Finally Smarandache Symmetric sequence (sss) is defined as:
[sss.sub.2n-1] = conc(bld([scs.sub.2n-1]), [rss.sub.2n-1]),
[sss.sub.2n] = conc([scs.sub.2n], [rss.sub.2n]), n [member of] N,


where the function "bld" (But Last Digit) is defined in Maple as

> bld := n->iquo(n,10):

First 20 terms of Smarandache Symmetric sequence are obtained as
> bld :=n-> iquo(n,10):
> conc := (n,m)-> n*10^length(m)+m:
> sss_n := (u,n) -> if type(n,odd) then
> conc(bld(scs_n(u,(n+1)/2)),rss_n(u,(n+1)/2))
> else
> conc(scs_n(u,n/2),rss_n(u,n/2)
> fi:
> sss := (u,n) -> seq(sss_n(u,i), i=1..n):
> sss(t,20);

 1, 11, 141, 1441, 1411041, 14101041, 14102201041, 141020201041,
 141020335201041, 1410203535201041, 1410203555635201041,
 14102035565635201041, 14102035568845635201041,
 141020355684845635201041, 14102035568412120845635201041,
 141020355684120120845635201041,
 14102035568412016165120845635201041,
 141020355684120165165120845635201041,
 14102035568412016522220165120845635201041,
 141020355684120165220220165120845635201041


We find out primes from a large (first 500) terms of various Smarandache sequences defined so far. We have used Maple 6 on Pentium 3 with 128Mb RAM. We first collect the lists of first 500 terms of the consecutive, reversed, mirror and symmetric sequences of Pyramidal numbers;
> st :=time(): Lscs500:=[scs(t,500)]: printf("%a seconds",
round(time()-st)); 15 seconds
> st :=time(): Lrss500:=[rss(t,500)]: printf("%a seconds",
round(time()-st)); 20 seconds
> st :=time(): Lsms500:=[sms(t,500)]: printf("%a seconds",
round(time()-st)); 58 seconds
> st :=time(): Lsss500:=[sss(t,500)]: printf("%a seconds",
round(time()-st)); 12 seconds


Further we find the number of digits in the 500th term of each sequence.
> length(Lscs500[500]),length(Lrss500[500]);

3283, 3283

> length(Lsms500[500]),length(Lsss500[500]);

6565, 2846


There exist no prime in the first 500 terms of Smarandache consecutive sequence of Pyramidal numbers;
> st:= time():select(isprime,Lscs500);

[]

> printf("%a minutes",round((time()-st)/60));
9 minutes


There is only one prime in the first 500 terms of reversed Smarandache sequence of Pyramidal numbers;
> st:= time():
> select(isprime,Lrss500);

[41]

> printf("%a minutes",round((time()-st)/60));
119 minutes


There is no prime in the first 500 terms of Smarandache mirror sequence;
> st:= time():
> select(isprime,Lsms500);
> printf("%a minutes",round((time()-st)/60));

[]

177 minutes


There is only one prime in the first 500 terms of Smarandache symmetric sequence;
> st:= time():
> select(isprime,Lsss500);

[11]

> printf("%a minutes",round((time()-st)/60));
90 minutes


[section] 2. Open problems

1) How many Pyramidal numbers are there in the first 500 terms of Smarandache consecutive, mirror, symmetric and reverse symmetric sequences of Pyramidal numbers ?

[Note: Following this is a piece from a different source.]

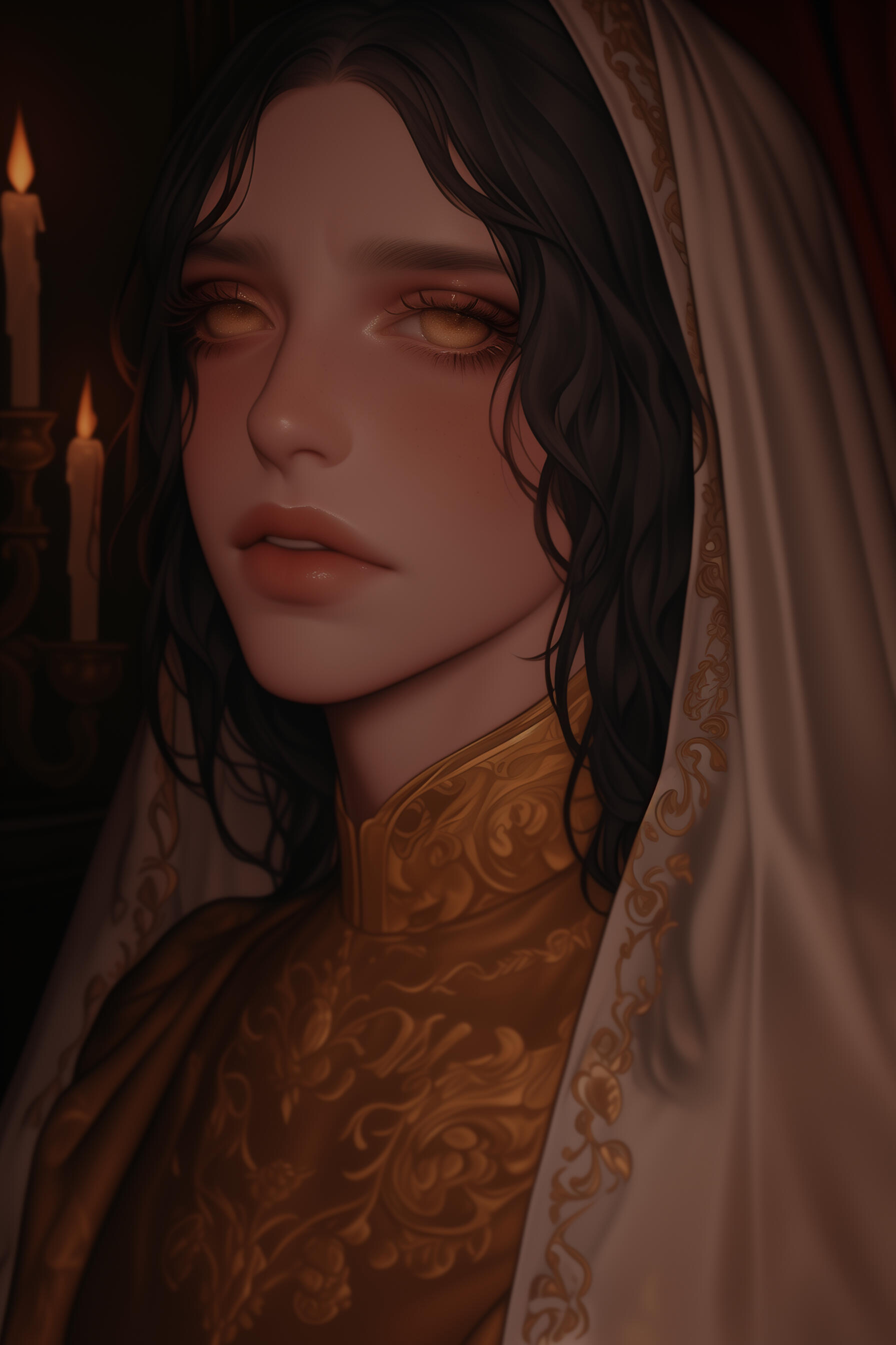 ❖ Céleste des Ombres-Dorées is Étienne’s pet ghost—his blind, veiled vampire daughter who drifts through the Palais like a walking omen, head cocked as if listening to secrets no one else can hear.❖ Turned young and kept close, she serves as the family’s private oracle and confidante to the Bastard Prince, her murmured warnings and half-formed visions quietly steering which debts get called in, which rivals are invited, and which kin are suddenly "retired."❖ To visiting nobles she’s a decorative curiosity; inside the house, everyone knows Céleste is the only creature Étienne truly fears disappointing—when she goes silent or smiles at the wrong moment, it usually means someone’s future has just been quietly condemned.

2) What are those numbers ?

Received Nov. 12, 2006

References

[1] Delfim F.M., Viorica Teca, Consective, Reversed, Mirror and Symmetric Smarandache Sequences of Triangular Numbers, Scientia Magna, 1(2005), No.2, 39-45.

[2] Muktibodh A.S., Smarandache Sequences of Pentagonal Numbers, Scientia Magna, 2(2006), No.3.

[3] Muktibodh A.S., Figurate Systems, Bull. Marathwada Mathematical Soc., 6(2005), No.1, 12-20.

[4] Shyam Sunder Gupta, Smarandache Sequence of Triangular Numbers, Smarandache Notions Journal, 14, 366-368.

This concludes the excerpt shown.